Он приходит на следующий день, берет ее за руку, не стискивает, просто держит ее ладонь в своих, молчит и ждет. И в конце концов она шепчет:
- Забери меня отсюда!
Выйти из больницы очень легко. Намного труднее вернуться в большой белый загородный дом и смотреть в окно на уходящие вдаль бесконечные ряды коттеджей, на сушилки для белья, расцвеченные маленькими белыми квадратиками, крошечными синими и розовыми детскими одежками. "Долина Пеленок" - так называют это место агенты по продаже недвижимости. Одинаково сильно ранят взгляды притворного и искреннего сочувствия. Родственники, так называемые друзья - невозможно вынести ни тех ни других, все они несносны со своими попытками выразить соболезнования. "Оставьте меня в покое!" И вот она почти перестает выходить на улицу, создает вокруг себя маленький комфортный мирок: полуфабрикаты на обед, телевизор весь день напролет. Наконец однажды она смотрит шоу Джерри Спрингера и понимает: это шоу про нее - все вокруг напоминает нормальный дом, хотя никакого дома больше нет, как нет и полноценной семьи - двое родителей, кот, собака, маленькие мальчик и девочка. Нет ни одного ребенка, зато есть солнечная комната на втором этаже, вся заполненная так и не распакованными картонными коробками с детскими вещами. Памятник всевозможным что-было-бы-если…
И вот он приходит домой, а она сидит за компьютером и просматривает интернет-сайты по продаже недвижимости.
- Я вытащу нас отсюда.
Он садится, готовый все выслушать. Щелкая клавишами, она переходит с одной страницы на другую.
- Помнишь, когда мы были реставраторами, восстанавливали абсолютно заброшенные дома, буквально поднимали их из руин?
Он хихикает, и она понимает: это правильный подход.
- Мы постоянно болтали о разных Проектах. Развалюхи, просто просившиеся на снос. Мы находили их, покупали, восстанавливали и продавали…
- Да, - отвечает он, - я помню; тогда мы грезили лишь о шести квадратных метрах старого паркета из балтийской сосны или о достойной паре для затейливой старинной дверной ручки. Доступные вещи…
"Раньше, - думает она, - до того, как мы решили найти нормальную работу и появилось все, что к ней прилагается: почти идеальный загородный домик, планы на пенсию, желание завести детей…"
Она снова нажимает на кнопку.
- Значит, ты ищешь новый Проект?
Кивок.
- Просто появилось ощущение, что так надо. И потом, мы же можем поднять старые связи, поискать, какие пригороды скоро будут нарасхват, где брать хорошие инструменты, где сейчас старые автомобильные свалки.

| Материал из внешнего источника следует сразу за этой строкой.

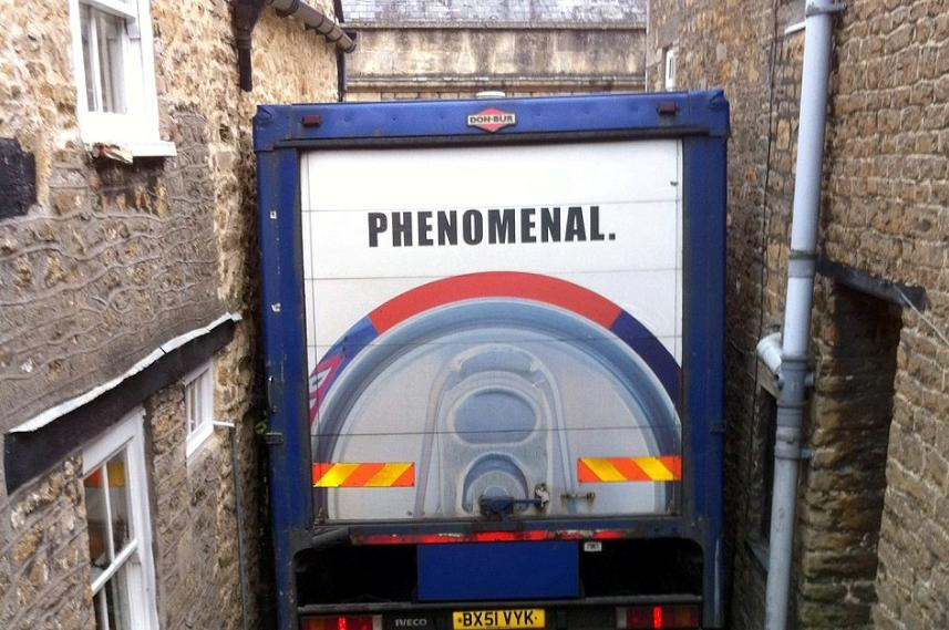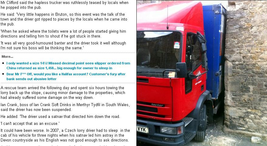 Soferul unei fime de bauturi a trebuit sa duca marfa unui client din Bruton, Somerset. Pentru ca nu mai fusese niciodata in zona, barbatul a apelat la GPS si a ascultat orbeste instructiunile acestuia.

- Милая, в прошлое вернуться невозможно, - говорит он, немного подумав.
- Я знаю. Но нам нельзя останавливаться, надо двигаться дальше, а это один из способов. Было весело, помнишь? Отбитые молотком пальцы, грязища, пылища, но мы ведь творили, создавали что-то стоящее.
Он размышляет.
- Я сыт по горло бумажными делами, - раздается наконец. - Твоя взяла. Давай попробуем.
Продать большой белый дом очень легко. Намного труднее продать его дело и уволиться со службы (ведь она хорошо понимает, это, возможно, ее последняя нормальная работа), и самое трудное - выбрать Проект. Они сужают круг поисков до пригорода, где их никто не знает, обнаруживают всеми забытое скопление домов в бывшем рабочем квартале, втиснутом между промышленной зоной и свалкой, которую как раз собираются переносить.
Выясняется, что Проект просто ужасен: маленький каменный двухкомнатный коттедж с кучей разваливающихся-пристроек и клочком земли - одна половина участка заросла сорняками, а другая вымощена бетонной плиткой.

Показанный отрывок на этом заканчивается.